Proof: Let $J$ be the number of alternatives. Depending on the values of the vector $\boldsymbol{\epsilon} = \{\epsilon_1, ..., \epsilon_J\}$, the function $\max_i(\delta_i + \epsilon_i)$ takes on different values. First, focus on the values of $\boldsymbol{\epsilon}$ such that $\max_i (\delta_i + \epsilon_i) = \delta_1 + \epsilon_1$. That is, we will integrate $\delta_1 + \epsilon_1$ over the set $M_1 \equiv \{\boldsymbol\epsilon : \delta_1 + \epsilon_1 > \delta_j + \epsilon_j, j \neq 1\}$:
\begin{equation}
\begin{split}
E_{\boldsymbol \epsilon \in M_1} [\max_i(\delta_i + \epsilon_i)] = \hspace{3.25in}\\
\int^{\infty}_{-\infty} (\delta_1 + \epsilon_1)f(\epsilon_1) \left[\int_{-\infty}^{\delta_1 + \epsilon_1 - \delta_2} ... \int_{-\infty}^{\delta_1 + \epsilon_1 - \delta_J}f(\epsilon_2) ...f(\epsilon_J) d\epsilon_2 ...d\epsilon_J \right] d\epsilon_1 = \\
\int^{\infty}_{-\infty} (\delta_1 + \epsilon_1)f(\epsilon_1) \left(\int_{-\infty}^{\delta_1 + \epsilon_1 - \delta_2} f(\epsilon_2)d\epsilon_2 \right) ... \left( \int_{-\infty}^{\delta_1 + \epsilon_1 - \delta_J}f(\epsilon_J) d\epsilon_J \right) d\epsilon_1 = \\
\int^{\infty}_{-\infty} \left(\delta_1 + \epsilon_1\right) f(\epsilon_1) F(\delta_1 + \epsilon_1 - \delta_2) ...F(\delta_1 + \epsilon_1 - \delta_J) d\epsilon_1.
\end{split}
\end{equation}
The term above is the first of $J$ such terms in $E[\max_i \left(\delta_i + \epsilon_i \right)]$. Specifically,
\begin{equation}
E\left[\max_i \left(\delta_i + \epsilon_i \right)\right] = \sum_i E_{\boldsymbol \epsilon \in M_i}\left[\max_i\left( \delta_i + \epsilon_i \right) \right].
\end{equation}
Now we apply the functional form of the Gumbel distribution.

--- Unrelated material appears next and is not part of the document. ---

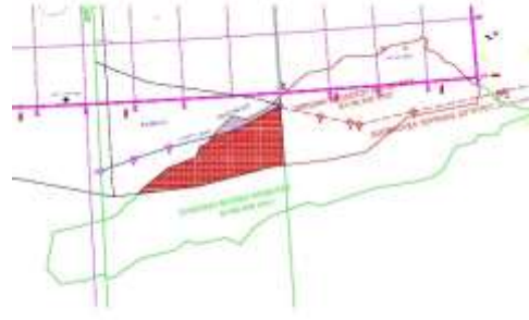
Σχήμα 7 Κατανομή λεκάνης Ηροδότου

Με βάση τις πιο πάνω διαπιστώσεις, και το λιτό κείμενο της συμφωνίας που ήδη δημοσιεύτηκε, μπορούμε να κάνουμε μια πρώτη εκτίμηση για τα πιθανά οφέλη και ζημιές που η Ελλάδα αποκομίζει από αυτήν την συμφωνία.

This gives
\begin{equation}
\begin{split}
&E_{\boldsymbol \epsilon \in M_i}\left[\max_i\left( \delta_i + \epsilon_i \right) \right] = \hspace{2in} \\
&\int^{\infty}_{-\infty} \left(\delta_i + \epsilon_i\right)e^{\mu - \epsilon_i} e^{- e^{\mu - \epsilon_i}} \prod_{j \neq i} e^{-e^{\mu - \epsilon_i + \delta_j - \delta_i}}d\epsilon_i \\
=&\int^{\infty}_{-\infty} \left(\delta_i + \epsilon_i\right)e^{\mu - \epsilon_i } \prod_{j } e^{-e^{\mu - \epsilon_i + \delta_j - \delta_i}}d\epsilon_i \\
=&\int^{\infty}_{-\infty} \left(\delta_i + \epsilon_i \right) e^{\mu - \epsilon_i} \exp \Bigl\{ \sum_{j} -e^{\mu - \epsilon_i + \delta_j - \delta_i} \Bigr\}d\epsilon_i \\
=&\int^{\infty}_{-\infty} \left(\delta_i + \epsilon_i \right) e^{\mu - \epsilon_i} \exp \Bigl\{ -e^{\mu - \epsilon_i } \sum_{j} e^{ \delta_j - \delta_i} \Bigr\}d\epsilon_i,
\end{split}
\end{equation}
where the second step comes from collecting one of the exponentiated terms into the product, along with the fact that $\delta_j - \delta_i = 0$ if $i = j$.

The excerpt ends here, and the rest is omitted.